◆ **What is required**
When writing out the entries below, keep only the lines from the line with "Raja is a female" to the line with "Leírás: 1912 Nagyszeben, Hermannstadt, Sibiu;", both included, exactly as they are, and leave the pictures aside.

◆ **Source material**
+++
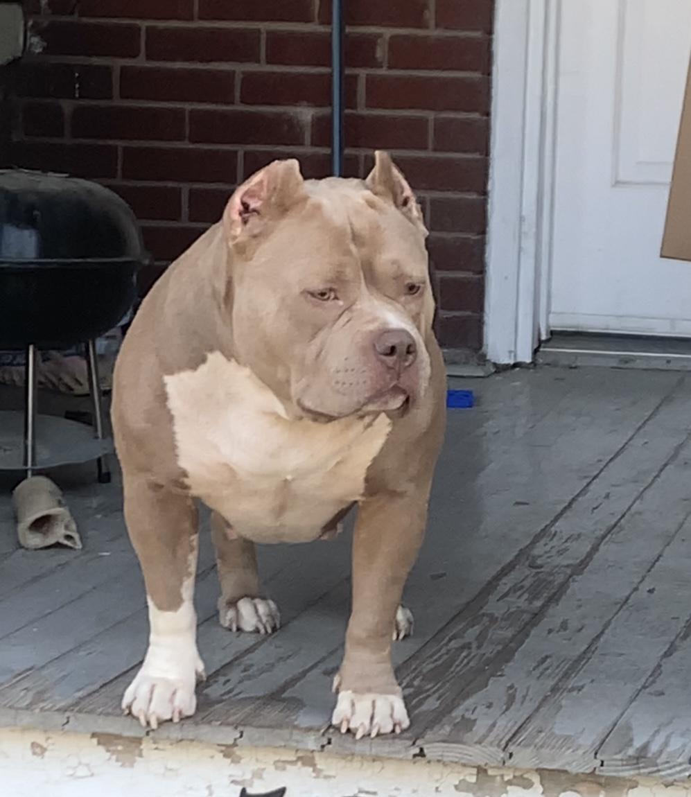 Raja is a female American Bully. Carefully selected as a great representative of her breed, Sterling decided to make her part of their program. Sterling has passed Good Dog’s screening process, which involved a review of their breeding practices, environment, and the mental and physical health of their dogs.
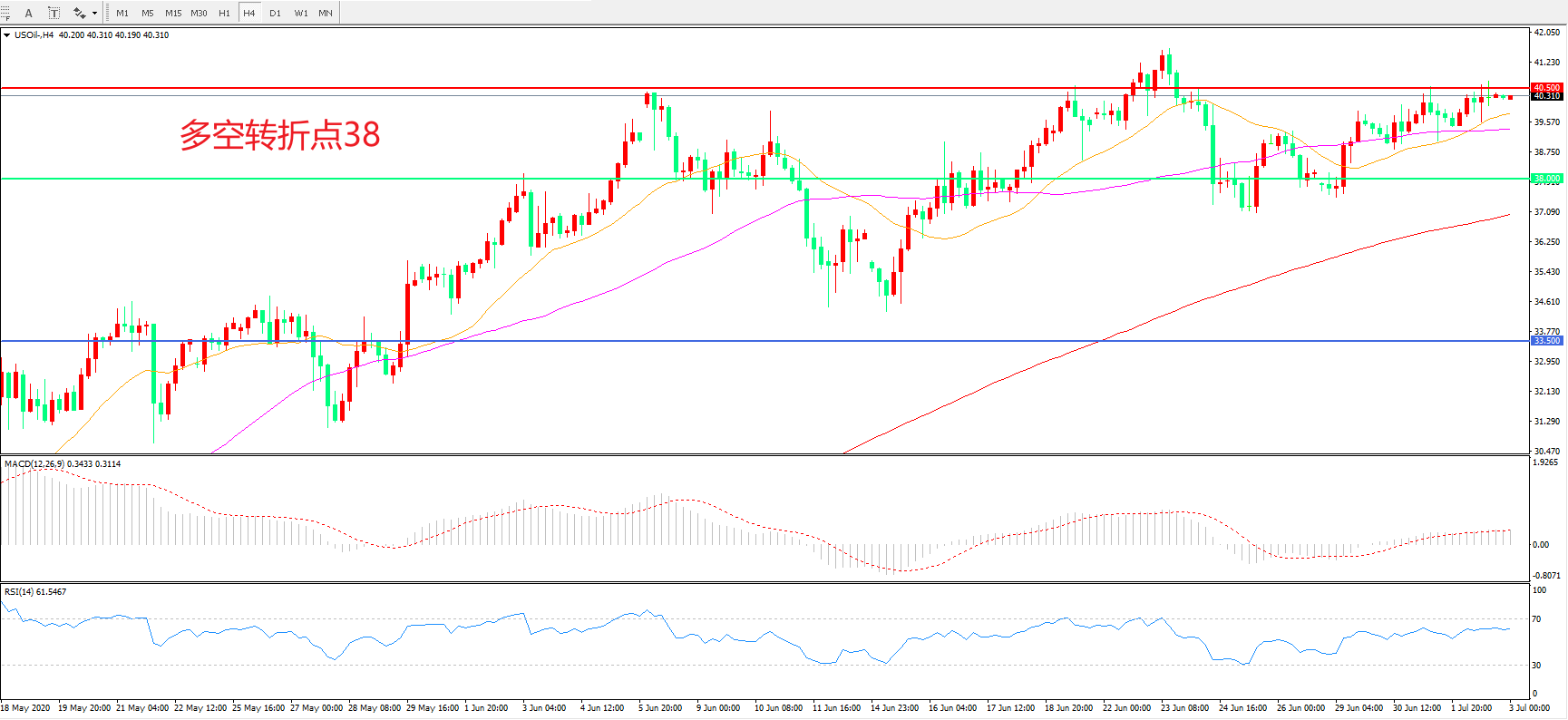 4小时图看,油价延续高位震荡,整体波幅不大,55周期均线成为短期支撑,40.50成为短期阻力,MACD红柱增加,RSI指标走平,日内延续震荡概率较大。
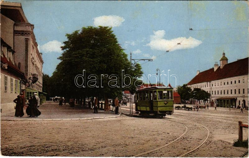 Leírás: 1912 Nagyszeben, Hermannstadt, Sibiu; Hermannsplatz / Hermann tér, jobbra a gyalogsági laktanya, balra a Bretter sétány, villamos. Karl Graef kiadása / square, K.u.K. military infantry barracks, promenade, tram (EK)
+++
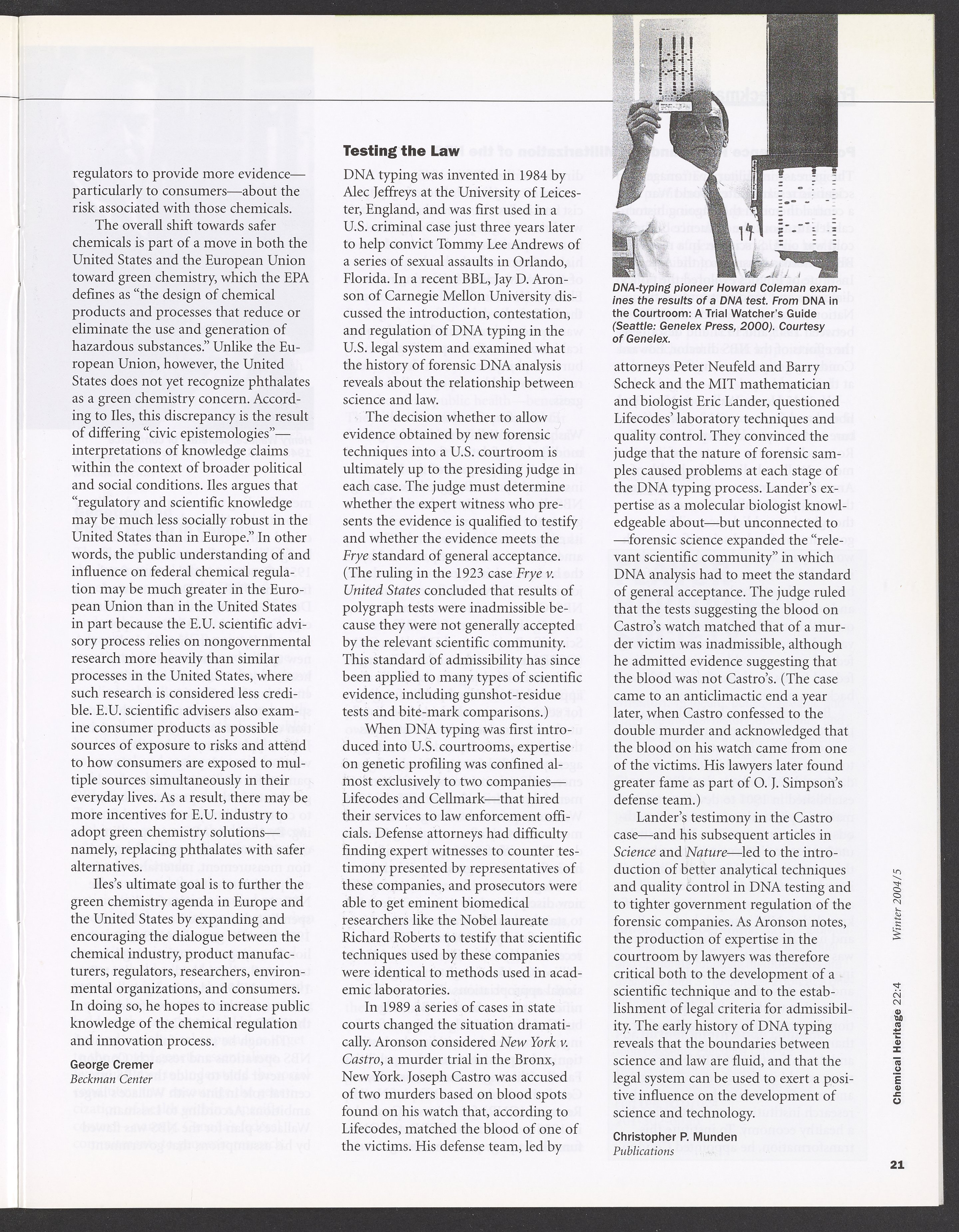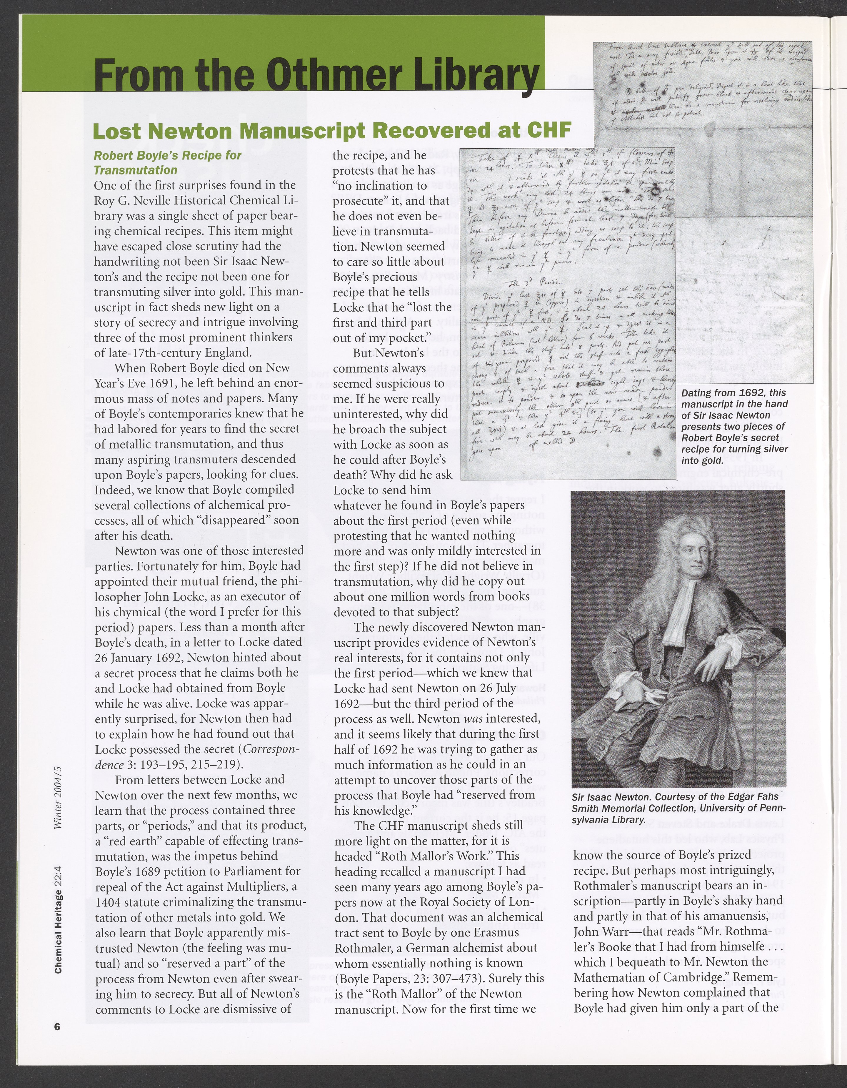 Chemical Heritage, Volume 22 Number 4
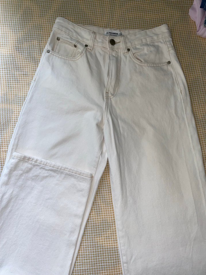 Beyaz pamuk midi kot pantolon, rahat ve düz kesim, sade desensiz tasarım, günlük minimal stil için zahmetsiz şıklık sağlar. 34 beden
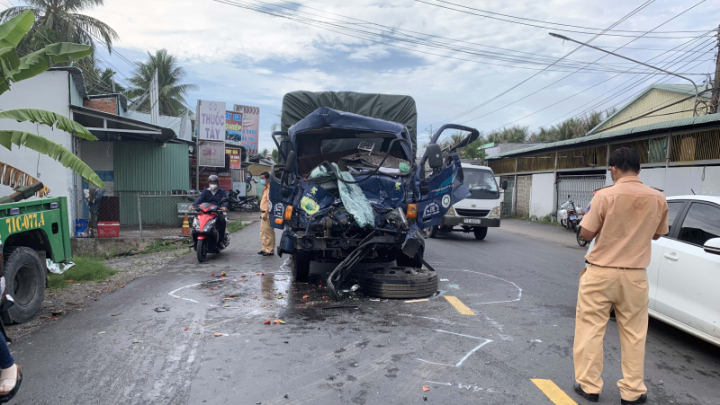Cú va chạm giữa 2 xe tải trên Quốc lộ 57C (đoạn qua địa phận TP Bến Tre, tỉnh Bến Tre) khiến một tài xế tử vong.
+++
◆ **Answer**
 Raja is a female American Bully. Carefully selected as a great representative of her breed, Sterling decided to make her part of their program. Sterling has passed Good Dog’s screening process, which involved a review of their breeding practices, environment, and the mental and physical health of their dogs.
 4小时图看,油价延续高位震荡,整体波幅不大,55周期均线成为短期支撑,40.50成为短期阻力,MACD红柱增加,RSI指标走平,日内延续震荡概率较大。
 Leírás: 1912 Nagyszeben, Hermannstadt, Sibiu; Hermannsplatz / Hermann tér, jobbra a gyalogsági laktanya, balra a Bretter sétány, villamos. Karl Graef kiadása / square, K.u.K. military infantry barracks, promenade, tram (EK)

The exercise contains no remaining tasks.